Attorney General Eric Holder’s letter to House Speaker John Boehner read: “The president and I have concluded that classifications based on sexual orientation warrant heightened scrutiny, and banning recognition for legally married same-sex couples is unconstitutional.”

At the White House today, Press Secretary Jay Carney stopped short of endorsing gay marriage outright.

WHITE HOUSE PRESS SECRETARY JAY CARNEY: The president’s personal view on same-sex marriage, I think you all have heard him discuss as recently as the press conference at the end of last year.

That is distinct from this legal decision. The decision is that we will — the administration will not defend the Defense of Marriage Act in the Second Circuit.

Furthermore, the president directed the attorney general not to defend — because of the decision that it’s not constitutional — defend the Defense of Marriage Act in any other circuit, in any other case.

GWEN IFILL: The law’s supporters condemned the president’s decision. And a spokesman for Speaker Boehner said in a statement that, “The president will have to explain why he thinks now is the appropriate time to stir up a controversial issue that sharply divides the nation.”

For more on this, we turn to Charlie Savage, domestic correspondent for The New York Times, who has been covering all of this.

Welcome to the NewsHour, Charlie.

Explain something to me.
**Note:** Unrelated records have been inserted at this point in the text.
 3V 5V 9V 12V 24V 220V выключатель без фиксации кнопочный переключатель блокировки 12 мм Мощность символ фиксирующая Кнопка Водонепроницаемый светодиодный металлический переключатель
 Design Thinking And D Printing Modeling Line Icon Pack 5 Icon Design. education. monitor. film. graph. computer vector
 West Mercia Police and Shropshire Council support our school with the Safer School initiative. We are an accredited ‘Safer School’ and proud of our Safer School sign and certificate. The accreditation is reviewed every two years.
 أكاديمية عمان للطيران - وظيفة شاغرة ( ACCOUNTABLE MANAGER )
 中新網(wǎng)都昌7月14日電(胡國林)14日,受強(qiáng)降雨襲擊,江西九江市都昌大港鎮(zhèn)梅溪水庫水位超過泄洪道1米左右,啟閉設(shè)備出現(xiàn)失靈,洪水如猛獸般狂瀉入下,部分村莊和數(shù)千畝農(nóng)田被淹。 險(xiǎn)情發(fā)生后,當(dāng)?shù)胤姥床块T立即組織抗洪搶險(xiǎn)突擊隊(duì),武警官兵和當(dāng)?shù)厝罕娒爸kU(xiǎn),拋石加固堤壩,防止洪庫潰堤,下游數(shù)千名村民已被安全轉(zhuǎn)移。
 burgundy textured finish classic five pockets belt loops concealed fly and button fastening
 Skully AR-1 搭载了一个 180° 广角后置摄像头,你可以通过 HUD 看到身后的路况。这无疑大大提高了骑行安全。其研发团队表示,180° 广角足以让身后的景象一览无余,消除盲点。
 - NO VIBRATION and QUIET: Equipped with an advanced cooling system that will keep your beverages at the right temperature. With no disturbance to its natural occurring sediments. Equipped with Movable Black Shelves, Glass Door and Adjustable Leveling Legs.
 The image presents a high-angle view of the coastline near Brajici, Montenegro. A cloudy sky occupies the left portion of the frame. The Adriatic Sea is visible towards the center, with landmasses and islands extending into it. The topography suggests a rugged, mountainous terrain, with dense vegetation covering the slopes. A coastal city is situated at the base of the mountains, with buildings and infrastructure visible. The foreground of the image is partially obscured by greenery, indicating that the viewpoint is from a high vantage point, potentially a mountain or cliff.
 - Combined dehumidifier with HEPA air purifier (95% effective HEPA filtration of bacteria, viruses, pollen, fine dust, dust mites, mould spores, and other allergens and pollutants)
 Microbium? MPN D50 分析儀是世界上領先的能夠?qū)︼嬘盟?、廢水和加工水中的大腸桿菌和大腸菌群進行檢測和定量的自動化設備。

We heard Jay Carney today make the distinction between a legal decision that the president and the attorney general made and a moral decision. What is that distinction?

CHARLIE SAVAGE, The New York Times: Well, most of the debate over gay marriage in this country has been a very — on the moral issue, the very basic issue, should gay people have a right to get married?

But this debate, it moves past that one level to a legal issue about what happens after they have already gotten married. There are now eight states, plus the District of Columbia, that either issue marriage licenses to gay couples or recognize such marriages if performed elsewhere.

And so that has raised a new issue, which is this. If there are two sets of gay — of married couples in a state whose are — whose marriages are lawfully recognized by that state, is it constitutional for the federal government to treat those people unequally, to hand out certain benefits to one set of marriages — married couples and not to another based on their sexual orientations?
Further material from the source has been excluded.